Airtel in push to break up Safaricom

Airtel-safaricom
Airtel-safaricom

A battle for control of the vibrant telecommunication industry has sucked in ICT Cabinet secretary Fred Matiang’i.

In a move that would jolt the industry and raise questions about the independence of the sector regulator, Communication Authority of Kenya (CA), last year, Mr Matiang’i wrote a letter demanding a brief on what the watchdog was doing in preparation to declare Safaricom a dominant player.

The letter received by the regulator on December 23, 2014 was written to CA Director-General Francis Wangusi and copied to his chairman, Mr Ben Gituku.

“The Kenya information and communications Act section 84W gives the Communications Authority of Kenya powers to declare a service provider to be dominant if their market share is at least 50 per cent of the relevant gross market segment,” Mr Matiang’i noted.

“This is therefore to request you to provide information on the consideration of the exercise of your powers as provided for in the Act, to address the issue of dominance in the telecommunications sub-sector of our industry. I look forward to your prompt advice on this matter.”

The latest industry statistics show that Safaricom controls all segments of the market — voice (75.6 per cent), SMS (93 per cent), mobile data (70 per cent) and mobile money (66.7 per cent).

PROFITABLE BUSINESS

Of the three players in the business — Orange, Airtel and Safaricom — Safaricom is the only one that has consistently reported profits.

Airtel Kenya, the country’s second largest telco controlling 16 per cent of the market, has been pushing to have Safaricom declared dominant in order to give the other players some breathing space.
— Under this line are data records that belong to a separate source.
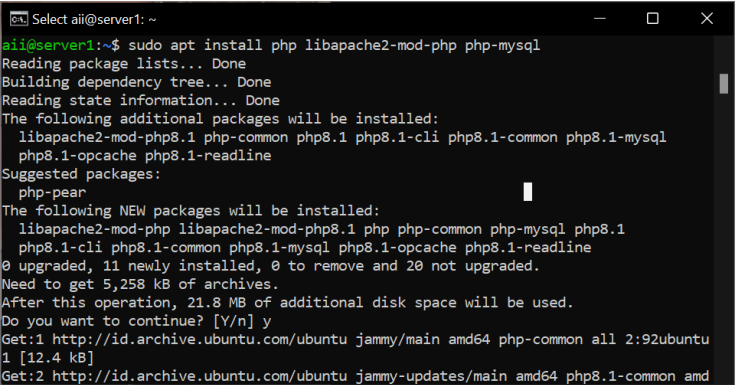sudo apt install php libapache2-mod-php php-mysql
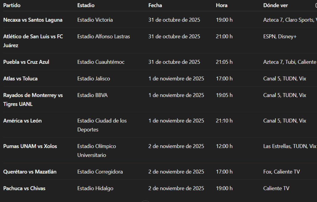 Liga MX donde y a que hora se puede ver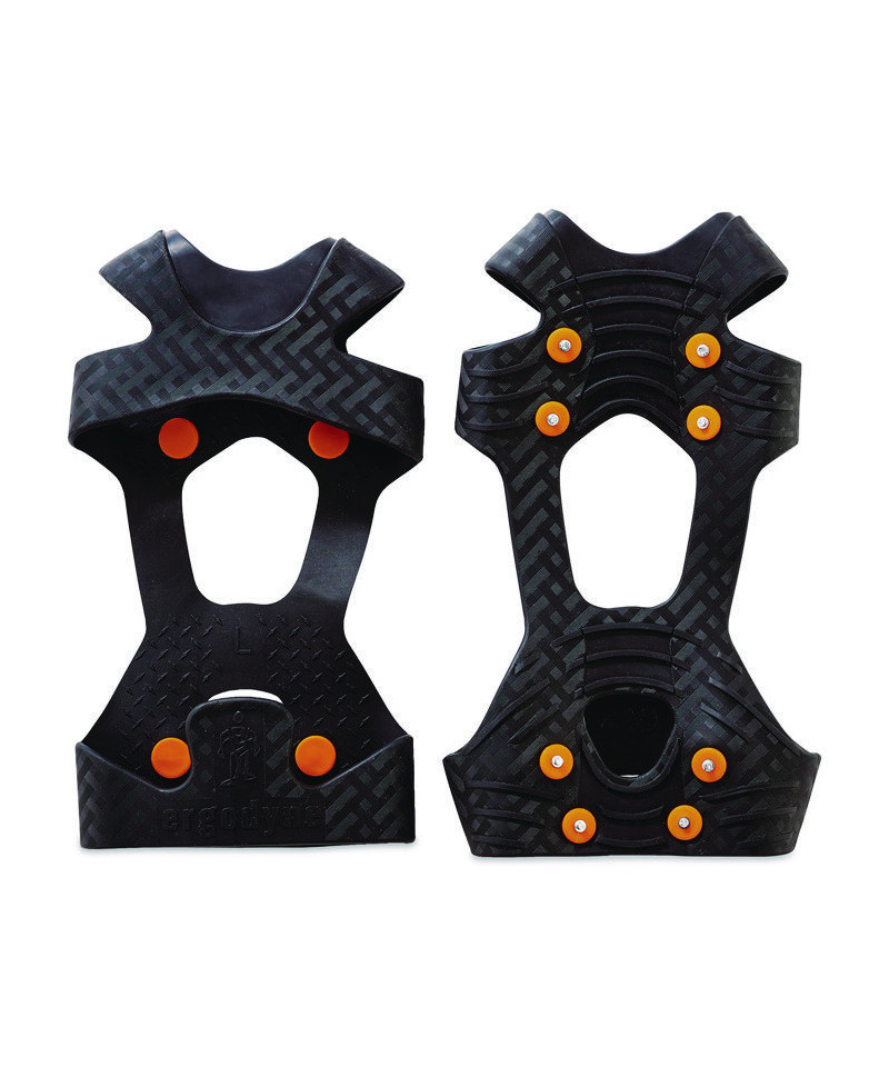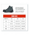 The TREX 6300 Slip-On Ice Cleats are lightweight ice grips for boots with eight replaceable spike grips and one-piece design for a snug fit over winter boots to prevent slip and fall injuries on the ice. These ice cleats provide tenacious traction and extra stability on ice and snow. These ice grippers feature eight rugged carbon steel cleats on the ball and heel of foot for grip on slippery terrain. These will fit over any style of boot or shoe for traction and stability during winter work or other winter outdoor activities. Tested to be flexible in temperatures down to -40°F (-40°C), the stretchable rubber material provides a secure fit and easy slip-on/off wear. These snow cleats are lightweight and can be folded small enough to be stored in a pocket or pack when not being worn. Stretchy design means no tightening or adjustments needed and should fit snugly on your boot or shoe. Use your shoe/boot size to determine the approximate size.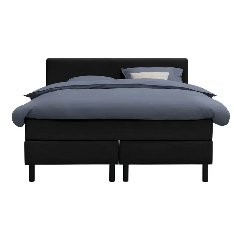 Boxspring Varberg met hoofdbord is een complete boxcombinatie en wordt geleverd inclusief pocketvering matras en een comfortschuim topmatras. Deze combinatie zorgt voor een optimale ondersteuning en een heerlijk ligcomfort. Dankzij de zwarte kleur past deze boxspring perfect in een moderne slaapkamer en creëert het een stijlvolle uitstraling.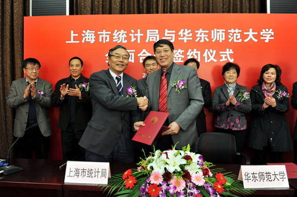 11月25日,市统计局与华东师范大学签订了全面合作意向书,局长王志雄和华东师范大学校长俞立中代表双方签约。市局总经济师严军、总队副总队长吴展敏参加了签约仪式,华师大副校长陈群主持签约仪式。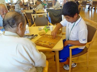 近隣中学校の生徒さんが職場体験と言うことでフラミンゴにやっ て来ました。 オセロや将棋の対戦を進んでやります。利用者さん等もいつもと 違う対戦相手にとても楽しんでおられたご様子!!!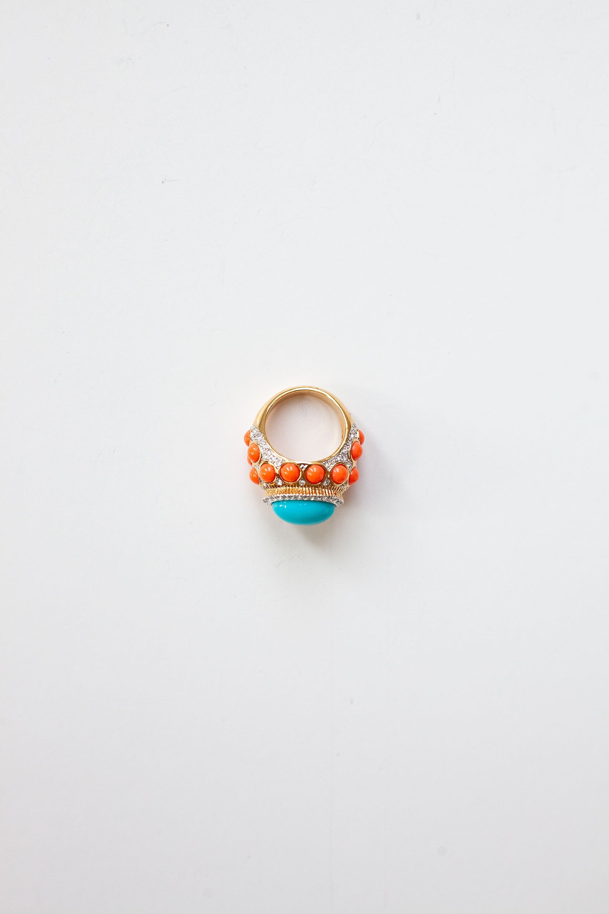 A distinguished cocktail ring featuring the iconic KJL design aesthetic, showcasing vibrant coral and turquoise cabochon stones.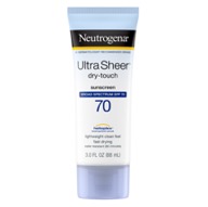 Neutrogena Ultra Sheer Dry-Touch Sunscreen SPF 70, It goes on easily and absorbs quickly for an invisible, light-weight feel on your skin. Offering superior broad spectrum protection from aging UVA rays and burning UVB rays. $11.99 at https://www.neutrogena.com/

Once declared dominant, Safaricom would operate in a more restricted business environment in terms of marketing, pricing and in extreme cases, be required to split the business into separate and independent units. Airtel has since made a submission to CA demanding that it invokes the same power and declare Safaricom dominant.

“The fact that Safaricom signed the settlement agreement clearly demonstrates that Safaricom acknowledges and accepts that they are indeed dominant in the mobile money transfer service,” Airtel notes in its letter.

“We are cognizance of the fact that the authority is the one mandated by the Act to declare Safaricom dominant and therefore submit our request to have Safaricom declared dominant in the mobile money transfer service.”

In his response to the minister, Mr Wangusi is categorical that while the law is clear on presumption of dominance for firms/operators with a market share threshold of 50 per cent, a lot need to be done before a decision is reached.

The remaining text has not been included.